From the line containing "第一步:点击领取灵石,看3个广告,得5灵石" to the final line of the material below, return every line exactly. Do not include pictures.

Dataset extract
"""
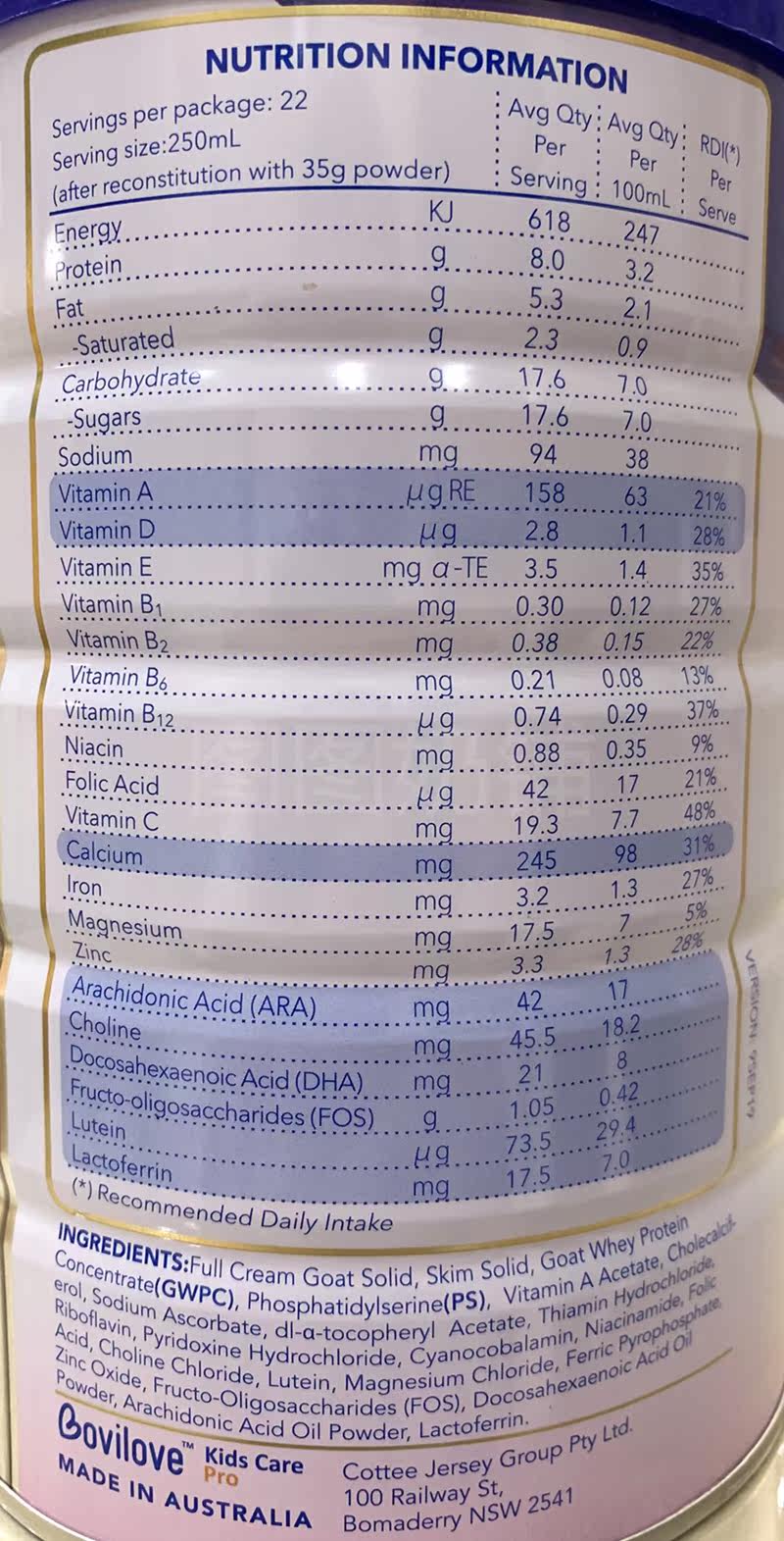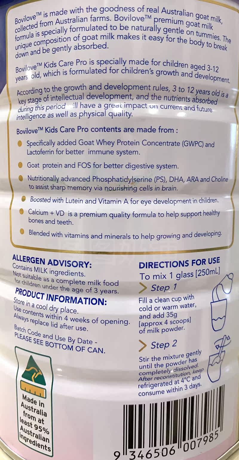 Bovilove Australian Bovilove Lactoferrin Children's Goat Milk Powder 800g 3 years old~12 years old contains 19 kinds of formulas
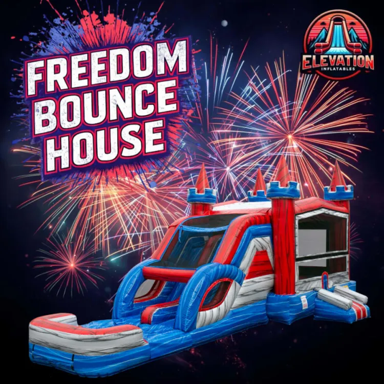 Bring explosive fun to your next celebration with the Freedom Bounce House with Slide (Water or Dry) from Elevation Inflatables. This versatile inflatable combines a spacious bounce area with an exciting slide that can be enjoyed wet during warm weather or dry any time of year, making it perfect for backyard birthday parties, school events, church gatherings, and summer celebrations. Designed for safe, active entertainment, the Freedom Bounce House is professionally cleaned, thoroughly inspected, and set up by our team so you can focus on hosting. Browse the Freedom unit below, pick your date, and reserve this crowd-favorite inflatable for your event today!
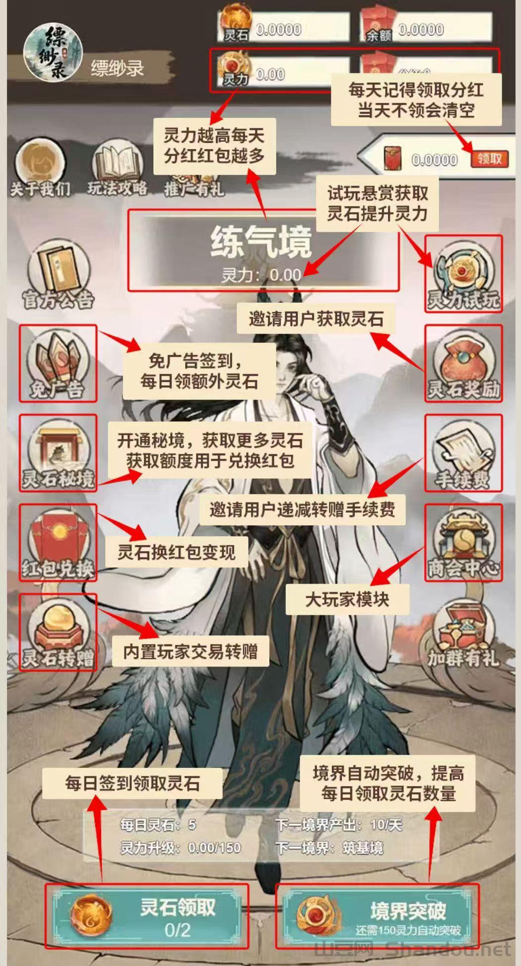 第一步:点击领取灵石,看3个广告,得5灵石
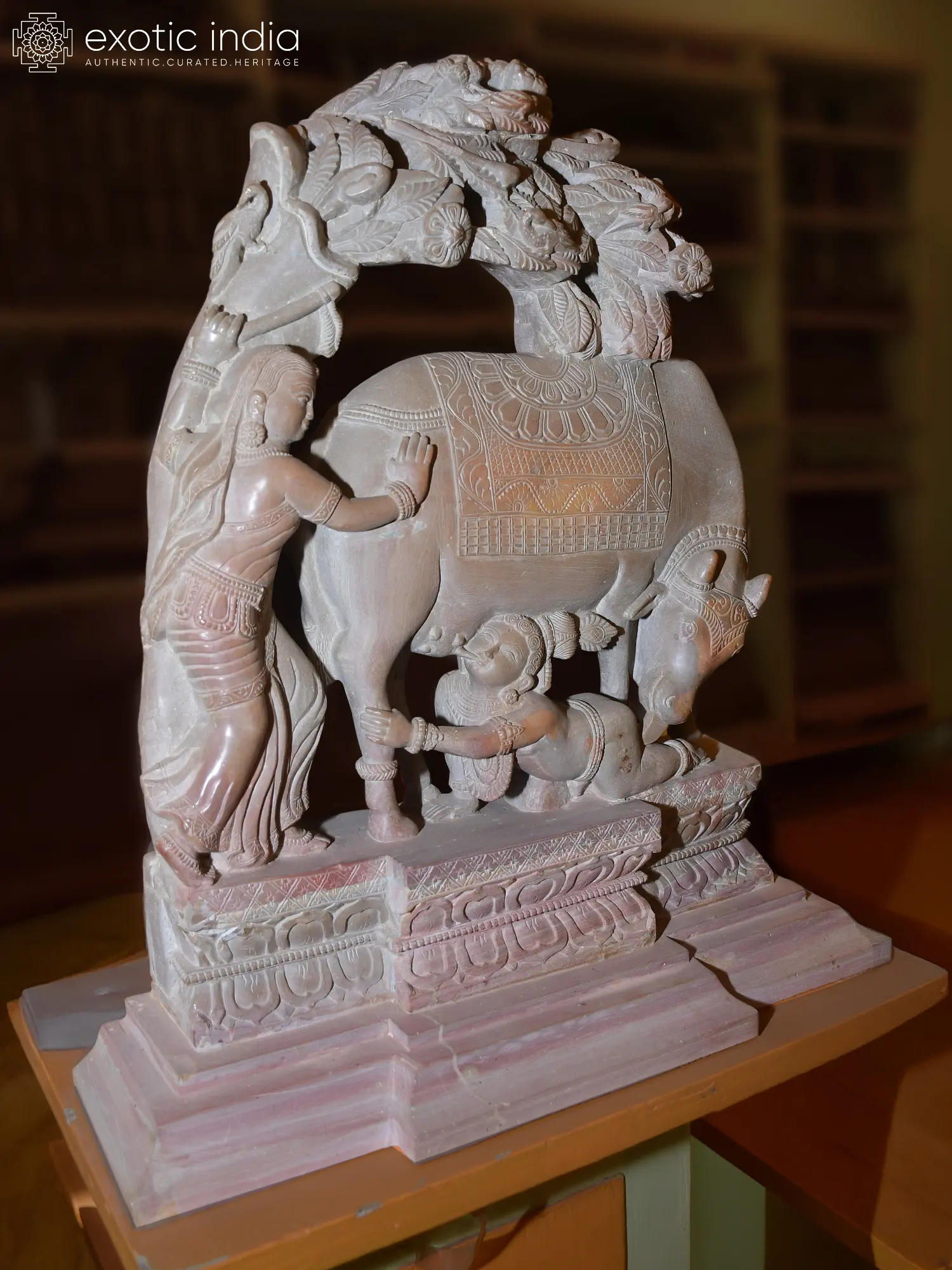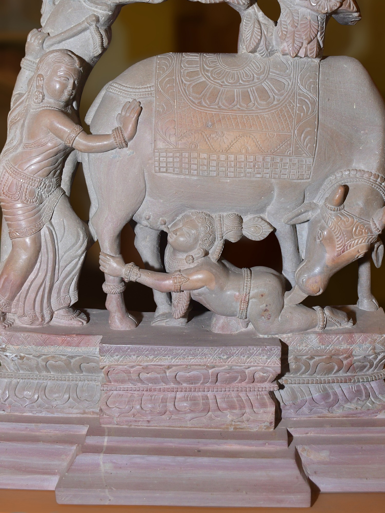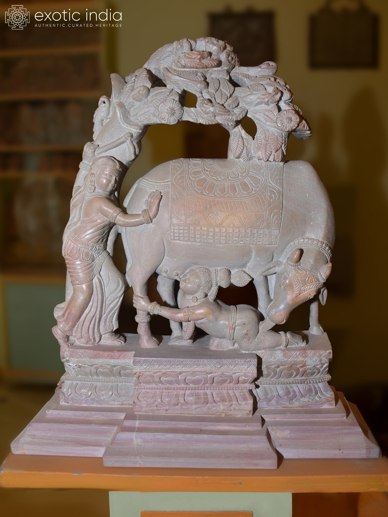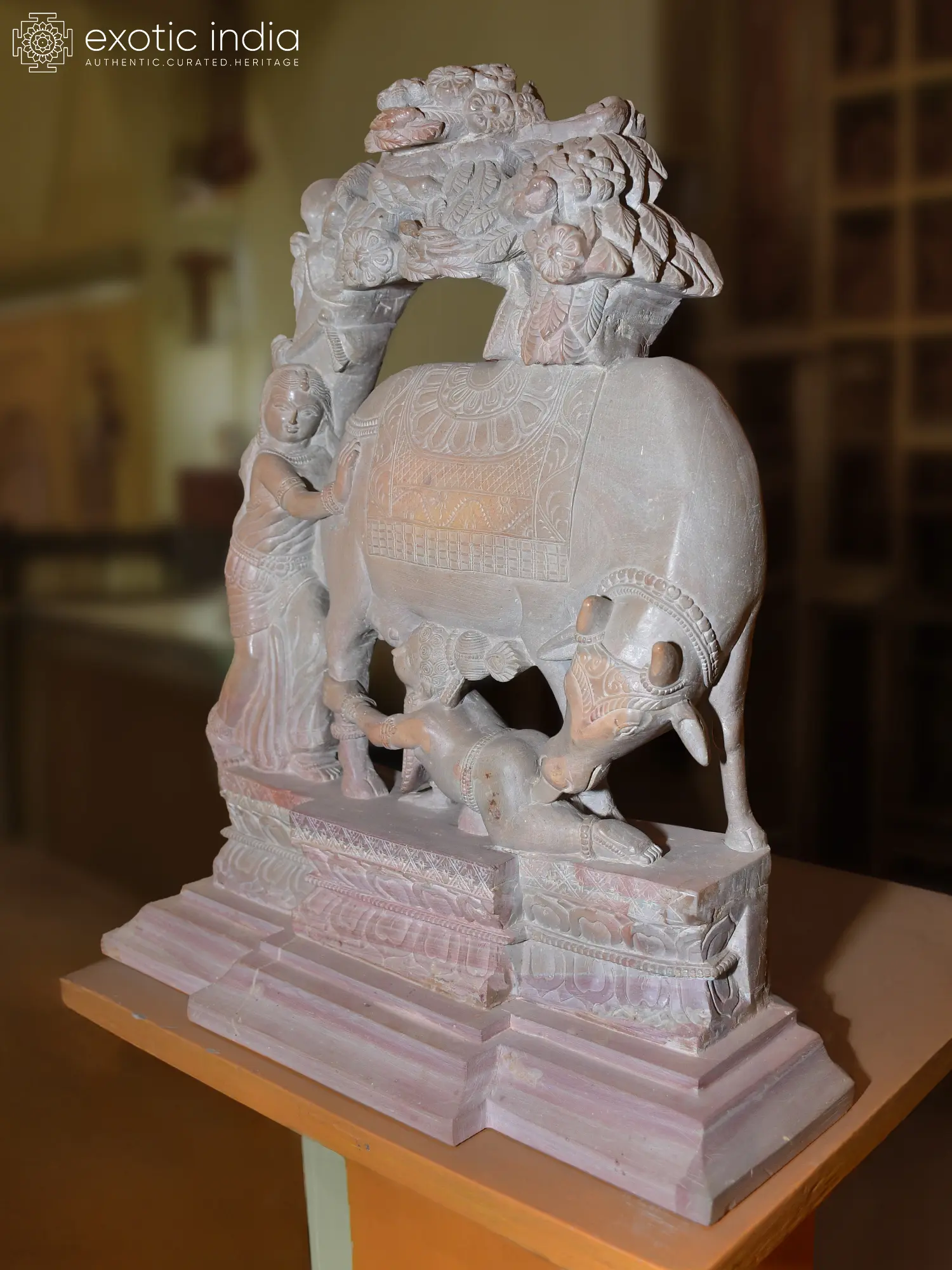 5" Small Superfine Goddess Kamdhenu on Wood Base | Brass Sculpture
"""
Task result
 第一步:点击领取灵石,看3个广告,得5灵石
 5" Small Superfine Goddess Kamdhenu on Wood Base | Brass Sculpture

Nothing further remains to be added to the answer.